Usut Dugaan Korupsi “Orang Penting”, Vicky Katiandagho Dimutasi, Pilih Mundur dari Polri

Share

MINAHASA⚡Binkari — Langkah berani seorang anggota kepolisian, Vicky Katiandagho, dalam mengusut dugaan tindak pidana korupsi yang melibatkan sejumlah pihak berpengaruh di Kabupaten Minahasa berujung pada keputusan tak biasa, dimutasi di tengah penyidikan, hingga akhirnya memilih mundur secara terhormat dari institusi Polri.

Aipda Vicky, yang sebelumnya menjabat sebagai Kanit Pidsus Sat Reskrim Polres Minahasa, dikenal sebagai sosok yang vokal dan berani dalam menangani perkara-perkara korupsi.

Ia mengungkapkan, mutasi dirinya ke Polres Kepulauan Talaud terjadi saat penyidikan kasus yang tengah ia tangani justru memasuki tahap krusial.

“Bidang tugas kami adalah menangani tindak pidana korupsi.

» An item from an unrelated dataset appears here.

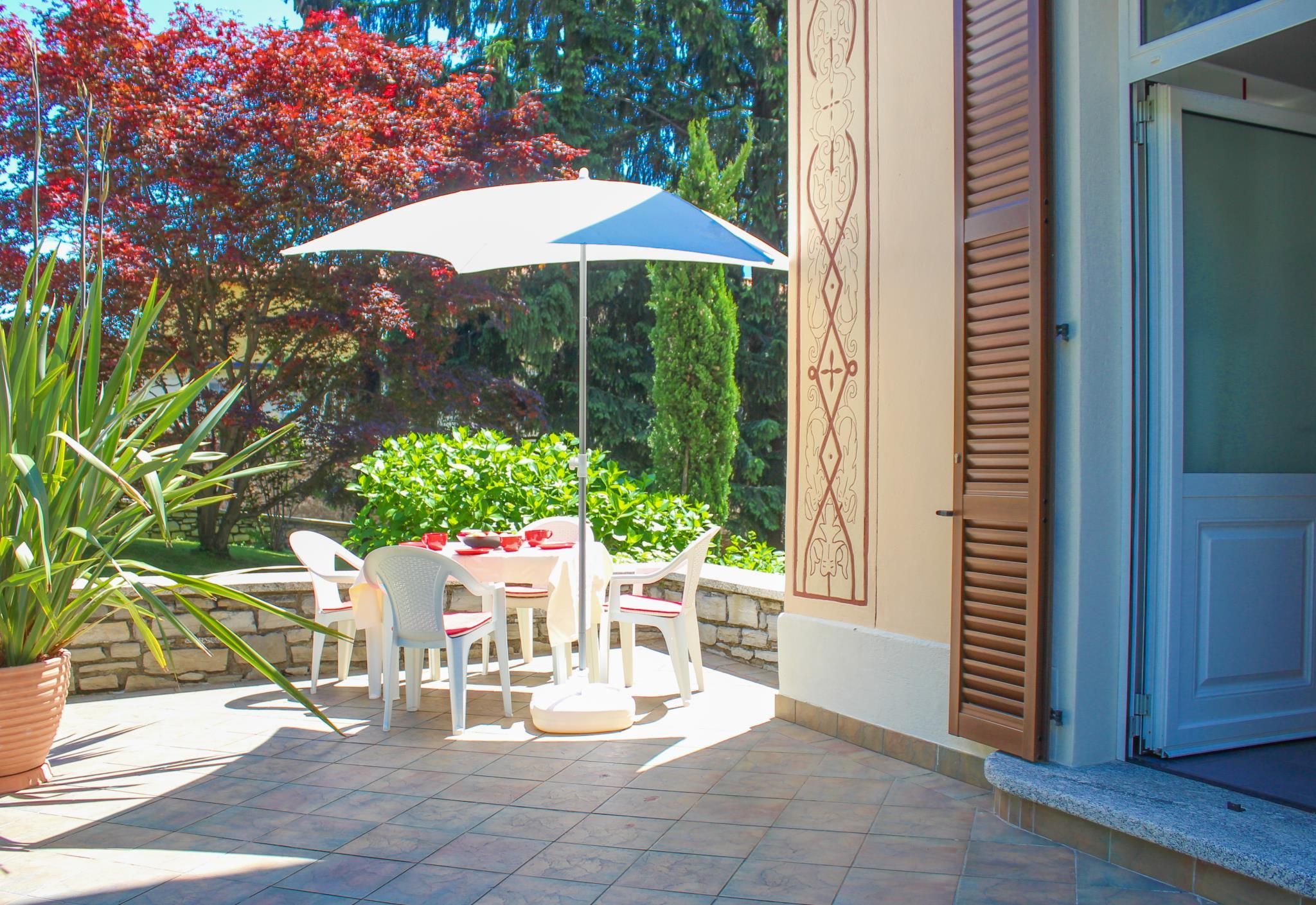 Der Eingang befindet sich auf der Bergseite mit eigener möblierter Gartenterrasse.

Saat itu, kami sedang menangani perkara yang menjadi perhatian publik karena melibatkan orang-orang penting di Minahasa,” ujarnya.

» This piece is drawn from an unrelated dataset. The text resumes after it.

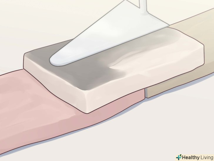 Нанесіть гідроізоляційний шар. гідроізоляційний шар зазвичай поставляється з самоуплотняющейся мембраною. Зніміть зовнішній шар, щоб відкрити клейку підкладку мембрани і просто приклейте її на вашу поверхню.- Слідкуйте за тим, щоб прикладати мембрану тільки в тих місцях, де це потрібно. Підкладка мембрани дуже сильно клеїться; якщо вона випадково приклеїться в невідповідному місці, то відклеїти її буде вельми проблематично.

Menurut Vicky, proses penyidikan yang ia pimpin telah berjalan cukup jauh. Sejumlah saksi telah diperiksa dan berbagai dokumen penting telah dikumpulkan sebagai alat bukti. Bahkan, pihaknya telah berkoordinasi dengan Badan Pengawasan Keuangan dan Pembangunan (BPKP) Perwakilan Sulawesi Utara untuk menghitung potensi kerugian negara.

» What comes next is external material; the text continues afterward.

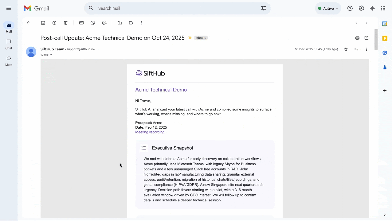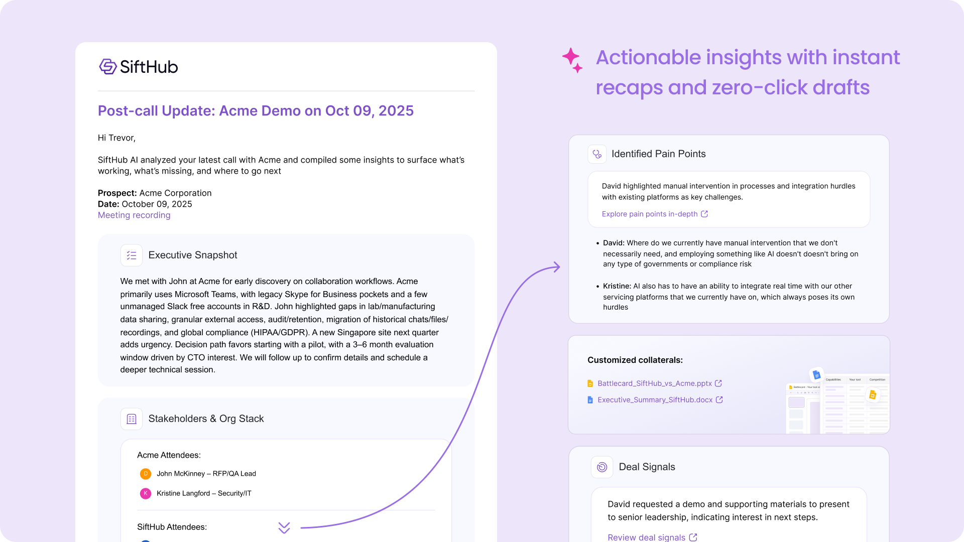 SiftHub automates the bridge between your meeting ending and your follow-up going out. Every section of your post-call update features a Contextual Call-to-Action (CTA) designed to turn insights into revenue-driving action.

Namun, di tengah proses tersebut, keputusan mutasi tiba-tiba datang tanpa penjelasan yang dianggap memadai.

“Saya dimutasi saat penyidikan masih berjalan. Tidak ada alasan yang jelas disampaikan kepada saya,” ungkapnya.

Merasa janggal dengan keputusan tersebut, Vicky sempat mengajukan permohonan kepada Listyo Sigit Prabowo selaku Kapolri, agar mutasinya ditinjau kembali. Ia juga meminta izin untuk tetap melanjutkan penyidikan kasus yang telah ia tangani sejak awal.

“Intinya saya meminta agar mutasi tersebut ditinjau ulang dan saya diberikan kesempatan menyelesaikan penyidikan,” tambahnya.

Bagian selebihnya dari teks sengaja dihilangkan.